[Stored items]
⟨
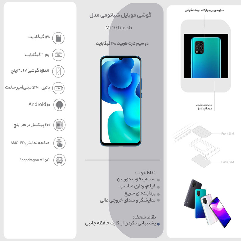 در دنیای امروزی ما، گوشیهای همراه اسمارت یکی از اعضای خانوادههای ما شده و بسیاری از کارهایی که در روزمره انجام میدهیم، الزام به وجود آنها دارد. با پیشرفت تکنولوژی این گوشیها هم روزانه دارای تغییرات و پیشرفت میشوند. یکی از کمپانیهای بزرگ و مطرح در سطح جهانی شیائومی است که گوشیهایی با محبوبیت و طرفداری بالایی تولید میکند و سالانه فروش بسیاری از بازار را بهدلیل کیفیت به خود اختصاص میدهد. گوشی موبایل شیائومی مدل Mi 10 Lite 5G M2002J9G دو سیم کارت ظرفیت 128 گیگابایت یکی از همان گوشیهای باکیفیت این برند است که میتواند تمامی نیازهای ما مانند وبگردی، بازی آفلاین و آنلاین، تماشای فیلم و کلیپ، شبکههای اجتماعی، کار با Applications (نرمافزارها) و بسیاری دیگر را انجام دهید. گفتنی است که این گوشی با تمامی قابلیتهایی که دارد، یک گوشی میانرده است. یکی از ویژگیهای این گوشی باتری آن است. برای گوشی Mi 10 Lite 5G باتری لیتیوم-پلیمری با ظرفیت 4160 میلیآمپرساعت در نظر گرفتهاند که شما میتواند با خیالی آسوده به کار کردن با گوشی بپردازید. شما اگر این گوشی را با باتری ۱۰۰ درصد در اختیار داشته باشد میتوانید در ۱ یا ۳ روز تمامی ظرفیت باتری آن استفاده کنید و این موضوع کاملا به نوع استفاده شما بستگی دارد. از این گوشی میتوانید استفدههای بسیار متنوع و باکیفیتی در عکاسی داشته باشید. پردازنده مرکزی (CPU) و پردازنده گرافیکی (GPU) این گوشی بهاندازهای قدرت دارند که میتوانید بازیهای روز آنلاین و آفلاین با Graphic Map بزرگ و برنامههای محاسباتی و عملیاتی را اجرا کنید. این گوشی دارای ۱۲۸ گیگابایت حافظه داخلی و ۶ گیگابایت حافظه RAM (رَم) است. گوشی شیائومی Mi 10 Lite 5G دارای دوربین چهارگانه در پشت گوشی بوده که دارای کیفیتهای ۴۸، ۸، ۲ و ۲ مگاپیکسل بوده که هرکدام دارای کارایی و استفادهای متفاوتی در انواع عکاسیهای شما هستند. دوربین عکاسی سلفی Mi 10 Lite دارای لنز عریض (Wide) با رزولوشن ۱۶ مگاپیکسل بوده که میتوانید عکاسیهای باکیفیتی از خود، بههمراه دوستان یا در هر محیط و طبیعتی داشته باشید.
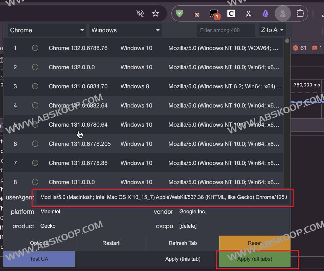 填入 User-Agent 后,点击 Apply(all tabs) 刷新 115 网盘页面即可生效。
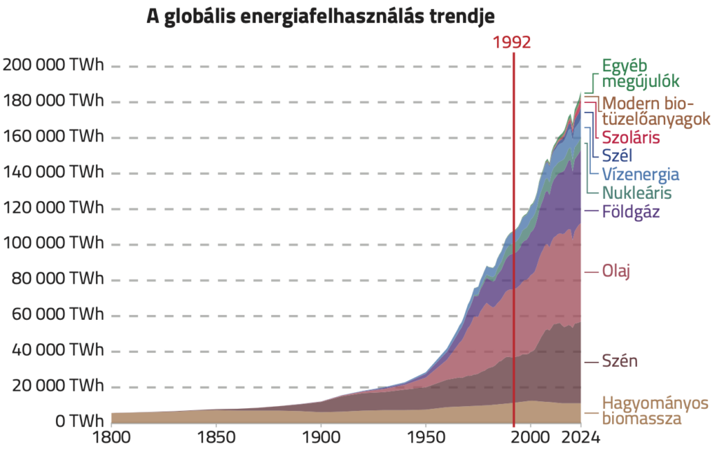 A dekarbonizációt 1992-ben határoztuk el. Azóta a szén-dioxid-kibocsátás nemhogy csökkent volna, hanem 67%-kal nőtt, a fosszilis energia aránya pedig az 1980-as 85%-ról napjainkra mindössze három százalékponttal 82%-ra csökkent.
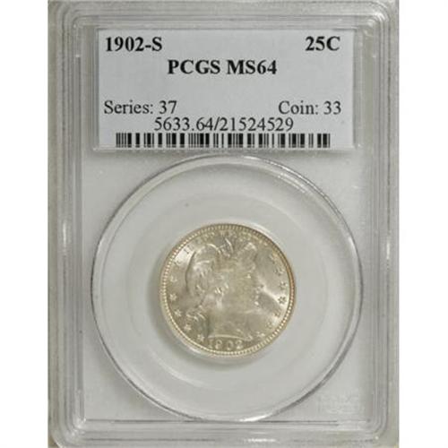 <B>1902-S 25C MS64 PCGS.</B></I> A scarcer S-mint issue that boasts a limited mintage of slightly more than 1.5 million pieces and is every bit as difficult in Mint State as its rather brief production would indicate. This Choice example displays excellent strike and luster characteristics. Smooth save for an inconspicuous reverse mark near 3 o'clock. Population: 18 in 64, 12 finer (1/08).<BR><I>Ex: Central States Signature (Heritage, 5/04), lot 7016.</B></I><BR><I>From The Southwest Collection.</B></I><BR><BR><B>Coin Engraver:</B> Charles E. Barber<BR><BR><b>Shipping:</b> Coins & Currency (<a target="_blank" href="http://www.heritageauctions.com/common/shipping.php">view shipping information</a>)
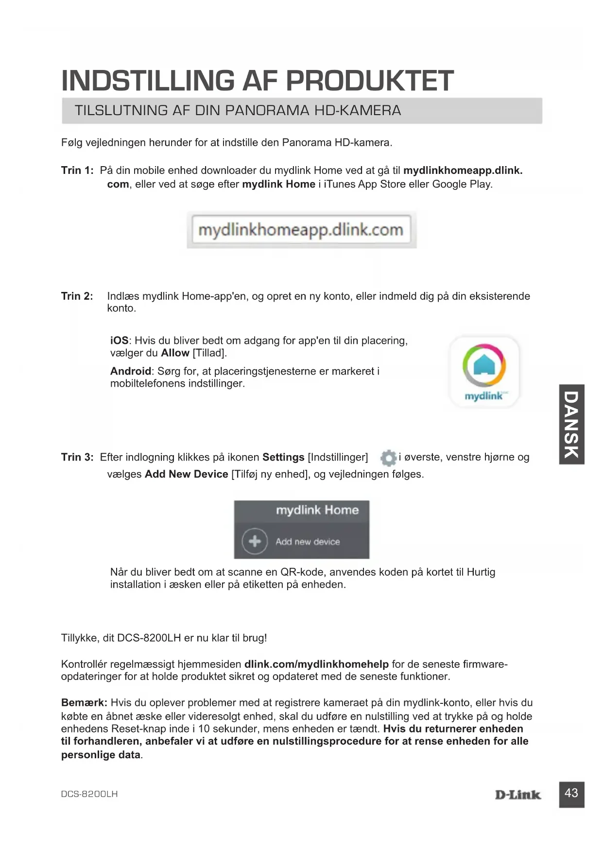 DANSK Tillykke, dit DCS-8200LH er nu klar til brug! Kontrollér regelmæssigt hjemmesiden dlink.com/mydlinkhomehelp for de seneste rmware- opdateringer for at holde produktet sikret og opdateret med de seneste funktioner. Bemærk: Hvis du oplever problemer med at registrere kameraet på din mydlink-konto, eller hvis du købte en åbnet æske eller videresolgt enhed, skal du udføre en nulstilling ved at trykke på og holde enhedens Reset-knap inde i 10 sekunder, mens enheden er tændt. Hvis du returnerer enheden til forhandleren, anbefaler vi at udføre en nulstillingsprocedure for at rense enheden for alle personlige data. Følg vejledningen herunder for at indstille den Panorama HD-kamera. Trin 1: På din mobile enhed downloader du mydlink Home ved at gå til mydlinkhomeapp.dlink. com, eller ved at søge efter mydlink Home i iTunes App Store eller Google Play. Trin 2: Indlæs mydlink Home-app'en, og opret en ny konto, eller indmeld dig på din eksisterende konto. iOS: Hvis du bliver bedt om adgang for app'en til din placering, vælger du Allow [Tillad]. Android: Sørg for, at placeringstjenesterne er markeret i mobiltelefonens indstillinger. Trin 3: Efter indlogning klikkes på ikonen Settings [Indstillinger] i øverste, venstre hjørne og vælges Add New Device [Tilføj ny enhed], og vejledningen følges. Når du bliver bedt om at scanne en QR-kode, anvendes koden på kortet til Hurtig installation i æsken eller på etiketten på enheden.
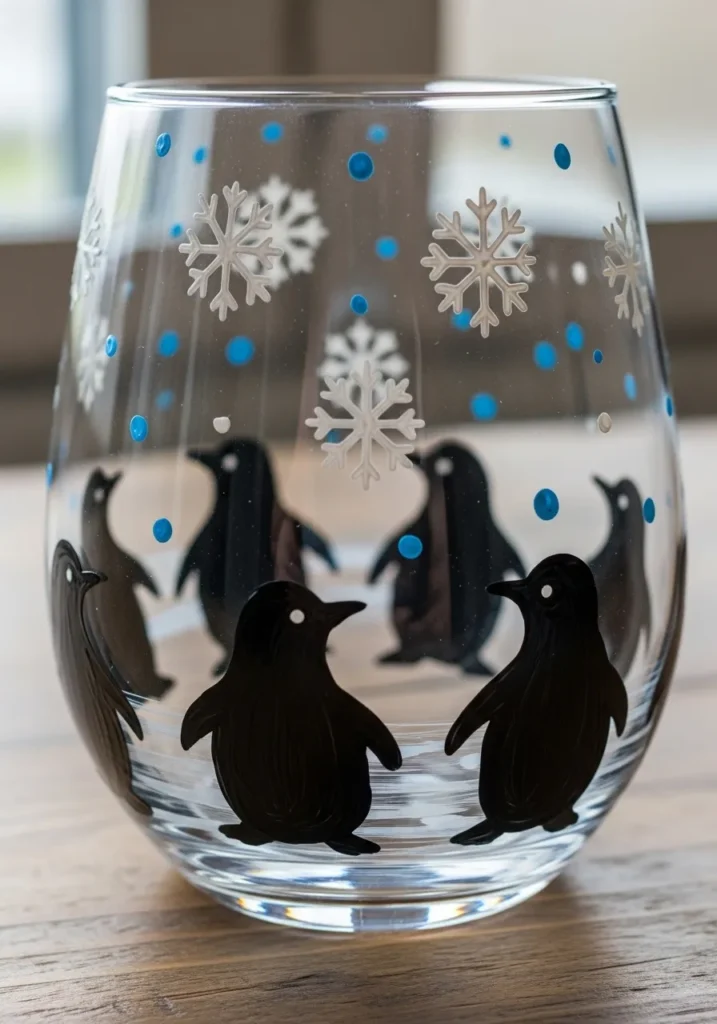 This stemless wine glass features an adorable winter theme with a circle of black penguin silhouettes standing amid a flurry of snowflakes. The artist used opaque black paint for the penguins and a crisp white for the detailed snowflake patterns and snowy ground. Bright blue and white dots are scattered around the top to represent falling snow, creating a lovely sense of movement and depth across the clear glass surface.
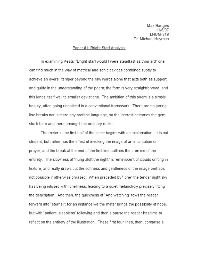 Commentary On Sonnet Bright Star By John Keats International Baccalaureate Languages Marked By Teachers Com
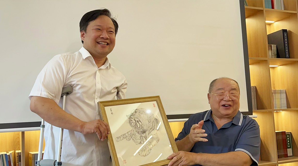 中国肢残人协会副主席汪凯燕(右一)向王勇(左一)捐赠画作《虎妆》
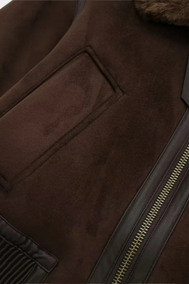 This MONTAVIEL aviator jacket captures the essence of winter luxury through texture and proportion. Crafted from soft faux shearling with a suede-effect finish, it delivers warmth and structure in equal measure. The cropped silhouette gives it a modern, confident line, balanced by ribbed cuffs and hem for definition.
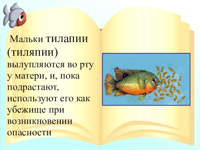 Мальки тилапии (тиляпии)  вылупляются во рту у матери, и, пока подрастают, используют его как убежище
⟩
#### [What you are asked to do]
We ask that the entries above be copied exactly, with the pictures omitted.

#### [Answer space]
 در دنیای امروزی ما، گوشیهای همراه اسمارت یکی از اعضای خانوادههای ما شده و بسیاری از کارهایی که در روزمره انجام میدهیم، الزام به وجود آنها دارد. با پیشرفت تکنولوژی این گوشیها هم روزانه دارای تغییرات و پیشرفت میشوند. یکی از کمپانیهای بزرگ و مطرح در سطح جهانی شیائومی است که گوشیهایی با محبوبیت و طرفداری بالایی تولید میکند و سالانه فروش بسیاری از بازار را بهدلیل کیفیت به خود اختصاص میدهد. گوشی موبایل شیائومی مدل Mi 10 Lite 5G M2002J9G دو سیم کارت ظرفیت 128 گیگابایت یکی از همان گوشیهای باکیفیت این برند است که میتواند تمامی نیازهای ما مانند وبگردی، بازی آفلاین و آنلاین، تماشای فیلم و کلیپ، شبکههای اجتماعی، کار با Applications (نرمافزارها) و بسیاری دیگر را انجام دهید. گفتنی است که این گوشی با تمامی قابلیتهایی که دارد، یک گوشی میانرده است. یکی از ویژگیهای این گوشی باتری آن است. برای گوشی Mi 10 Lite 5G باتری لیتیوم-پلیمری با ظرفیت 4160 میلیآمپرساعت در نظر گرفتهاند که شما میتواند با خیالی آسوده به کار کردن با گوشی بپردازید. شما اگر این گوشی را با باتری ۱۰۰ درصد در اختیار داشته باشد میتوانید در ۱ یا ۳ روز تمامی ظرفیت باتری آن استفاده کنید و این موضوع کاملا به نوع استفاده شما بستگی دارد. از این گوشی میتوانید استفدههای بسیار متنوع و باکیفیتی در عکاسی داشته باشید. پردازنده مرکزی (CPU) و پردازنده گرافیکی (GPU) این گوشی بهاندازهای قدرت دارند که میتوانید بازیهای روز آنلاین و آفلاین با Graphic Map بزرگ و برنامههای محاسباتی و عملیاتی را اجرا کنید. این گوشی دارای ۱۲۸ گیگابایت حافظه داخلی و ۶ گیگابایت حافظه RAM (رَم) است. گوشی شیائومی Mi 10 Lite 5G دارای دوربین چهارگانه در پشت گوشی بوده که دارای کیفیتهای ۴۸، ۸، ۲ و ۲ مگاپیکسل بوده که هرکدام دارای کارایی و استفادهای متفاوتی در انواع عکاسیهای شما هستند. دوربین عکاسی سلفی Mi 10 Lite دارای لنز عریض (Wide) با رزولوشن ۱۶ مگاپیکسل بوده که میتوانید عکاسیهای باکیفیتی از خود، بههمراه دوستان یا در هر محیط و طبیعتی داشته باشید.
 填入 User-Agent 后,点击 Apply(all tabs) 刷新 115 网盘页面即可生效。
 A dekarbonizációt 1992-ben határoztuk el. Azóta a szén-dioxid-kibocsátás nemhogy csökkent volna, hanem 67%-kal nőtt, a fosszilis energia aránya pedig az 1980-as 85%-ról napjainkra mindössze három százalékponttal 82%-ra csökkent.
 <B>1902-S 25C MS64 PCGS.</B></I> A scarcer S-mint issue that boasts a limited mintage of slightly more than 1.5 million pieces and is every bit as difficult in Mint State as its rather brief production would indicate. This Choice example displays excellent strike and luster characteristics. Smooth save for an inconspicuous reverse mark near 3 o'clock. Population: 18 in 64, 12 finer (1/08).<BR><I>Ex: Central States Signature (Heritage, 5/04), lot 7016.</B></I><BR><I>From The Southwest Collection.</B></I><BR><BR><B>Coin Engraver:</B> Charles E. Barber<BR><BR><b>Shipping:</b> Coins & Currency (<a target="_blank" href="http://www.heritageauctions.com/common/shipping.php">view shipping information</a>)
 DANSK Tillykke, dit DCS-8200LH er nu klar til brug! Kontrollér regelmæssigt hjemmesiden dlink.com/mydlinkhomehelp for de seneste rmware- opdateringer for at holde produktet sikret og opdateret med de seneste funktioner. Bemærk: Hvis du oplever problemer med at registrere kameraet på din mydlink-konto, eller hvis du købte en åbnet æske eller videresolgt enhed, skal du udføre en nulstilling ved at trykke på og holde enhedens Reset-knap inde i 10 sekunder, mens enheden er tændt. Hvis du returnerer enheden til forhandleren, anbefaler vi at udføre en nulstillingsprocedure for at rense enheden for alle personlige data. Følg vejledningen herunder for at indstille den Panorama HD-kamera. Trin 1: På din mobile enhed downloader du mydlink Home ved at gå til mydlinkhomeapp.dlink. com, eller ved at søge efter mydlink Home i iTunes App Store eller Google Play. Trin 2: Indlæs mydlink Home-app'en, og opret en ny konto, eller indmeld dig på din eksisterende konto. iOS: Hvis du bliver bedt om adgang for app'en til din placering, vælger du Allow [Tillad]. Android: Sørg for, at placeringstjenesterne er markeret i mobiltelefonens indstillinger. Trin 3: Efter indlogning klikkes på ikonen Settings [Indstillinger] i øverste, venstre hjørne og vælges Add New Device [Tilføj ny enhed], og vejledningen følges. Når du bliver bedt om at scanne en QR-kode, anvendes koden på kortet til Hurtig installation i æsken eller på etiketten på enheden.
 This stemless wine glass features an adorable winter theme with a circle of black penguin silhouettes standing amid a flurry of snowflakes. The artist used opaque black paint for the penguins and a crisp white for the detailed snowflake patterns and snowy ground. Bright blue and white dots are scattered around the top to represent falling snow, creating a lovely sense of movement and depth across the clear glass surface.
 Commentary On Sonnet Bright Star By John Keats International Baccalaureate Languages Marked By Teachers Com
 中国肢残人协会副主席汪凯燕(右一)向王勇(左一)捐赠画作《虎妆》
 This MONTAVIEL aviator jacket captures the essence of winter luxury through texture and proportion. Crafted from soft faux shearling with a suede-effect finish, it delivers warmth and structure in equal measure. The cropped silhouette gives it a modern, confident line, balanced by ribbed cuffs and hem for definition.
 Мальки тилапии (тиляпии)  вылупляются во рту у матери, и, пока подрастают, используют его как убежище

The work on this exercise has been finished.